On 19/09/13 11:17, Luke Bakken wrote:
> Hi Toby,
>
> Invalid hint files won't cause Riak to fail requests - there must have
> been something else happening. Hint files are used by Riak to speed
> start time when loading a large key set.
>
> You mentioned a "load-balancer pool" - are you using something like
> HAProxy to load-balance requests to your Riak CS cluster?
>
> The "error: disconnected" message is a good clue. If you can provide
> log files that may point to the cause.
Hi Luke,
I'm still seeing quite a few failed requests. I've been chasing the
hintfiles but I guess that was a red herring.
We're using nginx to load balance requests to Riak CS.
I tried going directly to each node in turn, and it didn't show that any
one node was reliably failing every request.
Hitting one server just now came up with OK/403/403/OK/OK.
Trying another was OK/OK/OK/OK/403 though.
Here's some logs from riak-cs:
error.log:2013-09-19 11:37:02.242 [error]
<0.5105.0>@riak_cs_wm_common:maybe_create_user:223 Retrieval of user
record for s3 failed. Reason: disconnected
There wasn't anything immediately either side of that. The riak logs for
the same minute on that server likewise do not have anything.
There's quite a lot of free memory on the servers; they have 32000 file
handles available.
Toby
> On Wed, Sep 18, 2013 at 4:29 PM, Toby Corkindale
> <
[email protected]> wrote:
>> I found one Riak server was reporting a lot of errors like
>> [error] <0.808.0> Hintfile
>> '/var/lib/riak/bitcask/68507889249886074290797726533575766546371837952/3.bitcask.hint'
>> invalid
>>
>> And the Riak CS logs contained a lot of messages about being unable to
>> retrieve s3 user details because "error: disconnected"
>>
>> I think I've blown away the bad hintfiles and have had them repaired from
>> other replicas now, and I haven't seen any more errors for a little while.
>>
>> I'm not sure what caused those to become invalid.
>> Just a thought, but would be good if Riak could automatically repair them
>> rather than failing requests.
>>
>> Cheer,s
>> Toby
>>
>> On 19/09/13 08:42, Toby Corkindale wrote:
>>>
>>> Ah, hold on.. have just discovered that rather than it being deletion
>>> calls, it seems to just be every X calls of any sort.. sounds like one
>>> of the servers in the load-balancer pool must be misconfigured somehow,
>>> but the rest are OK.
>>>
>>> On 19/09/13 08:34, Toby Corkindale wrote:
>>>>
>>>> I've just upgraded from Riak CS 1.3.1 to 1.4.1
>>>>
>>>> Using s3cmd to test a few things, I've found some odd behaviour.

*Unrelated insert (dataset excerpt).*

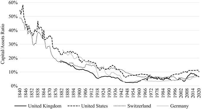 Figure 2.1 shows the evolution of bank capital as a percentage of the total assets from 1840 to 2020 for Germany, the United Kingdom, the United States, and Switzerland. From the early 1880s, data is only available for Switzerland and the United States. The capital/assets ratios in both countries remained above the 30% threshold until 1871 (Switzerland) and 1873 (United States). In the subsequent decade, both countries’ capital/assets ratios experienced a further decline, falling to the 20% level.

>>>> Creating a bucket and putting a file works just fine, eg:
>>>>
>>>> s3cmd mb s3://test
>>>> s3cmd put README s3://test
>>>> s3cmd get s3://test/README
>>>>
>>>> However if I try to delete a file or bucket, it throws an error:
>>>>
>>>> s3cmd del s3://test/README
>>>> ERROR: S3 error: 403 (InvalidAccessKeyId): The AWS Access Key Id you
>>>> provided does not exist in our records.
>>>>
>>>> s3cmd rb s3://test
>>>> ERROR: S3 error: 403 (InvalidAccessKeyId): The AWS Access Key Id you
>>>> provided does not exist in our records.
>>>>
>>>>
>>>> Have I messed something up during the upgrade, or is this a bug in 1.4.1?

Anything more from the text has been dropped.